At first glance, LaCie's new Rugged Thunderbolt drive doesn't look much different from it's predecessor the Rugged USB 3.0 Thunderbolt Series, but the company has made some improvements to this iconic drive. The two biggest differences are the addition of a captive Thunderbolt cable and a new removable cap that conceals the cable and covers the USB 3.0 port.
The cap is made of the same orange, non-slip, rubbery material that surrounds the Rugged's edges and gives the drive an IP 54 protection rating against dust and splashing water. Removing the cap reveals a USB 3.0 port and the captive Thunderbolt cable (also orange in color). You can pull the Thunderbolt cable from under the cap and then replace the cover to protect the USB 3.0 port while connected via Thunderbolt. If you don't like or need the protective cap you can easily detach it. If you lose the cap, there's a spare included in the box. Neat.

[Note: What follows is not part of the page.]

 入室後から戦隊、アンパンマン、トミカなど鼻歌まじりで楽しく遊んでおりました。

The captive cable is a good length, enough to reach Thunderbolt ports without any straining. Returning the cable to its hiding spot is easy, and a little magnet hidden beneath the rubber holds the male end of the Thunderbolt cable in place.

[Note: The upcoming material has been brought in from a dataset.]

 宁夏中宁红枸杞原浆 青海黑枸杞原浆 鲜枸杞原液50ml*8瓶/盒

The Rugged Thunderbolt is bus-powered over both USB 3.0 and Thunderbolt--having two powered connection options is great. USB 3.0 is much more common than Thunderbolt, especially on non-Apple products. With only a single Thunderbolt port, the Rugged needs to be placed at the end of the chain.
LaCie also points out the height you can accidentally drop the drive from is now 2 meters instead of 1.2. I dropped the drive several times from heights above six feet, and the Rugged is still in working order. A couple of the drops were on asphalt, and there isn't any visible damage to the drive. But the punishment didn't stop there. With the cap in place, I kicked dirt all over the drive and didn't find any debris in the ports after brushing it off.
There's no way to forget the cable, so long as you're down with Thunderbolt.
The performance of the drive is primo; in our real world tests of the 500GB SSD model, the Rugged Thunderbolt was among the top performing portable drives we've tested. We found little performance difference between the USB 3.0 and Thunderbolt interfaces, which isn't surprising given that the Rugged Thunderbolt is a single drive product.
Mildly interesting though, USB 3.0 was slightly faster than Thunderbolt when writing files, and a bit slower than Thunderbolt when reading. Regardless, the speeds we saw using either interface were highly consistent.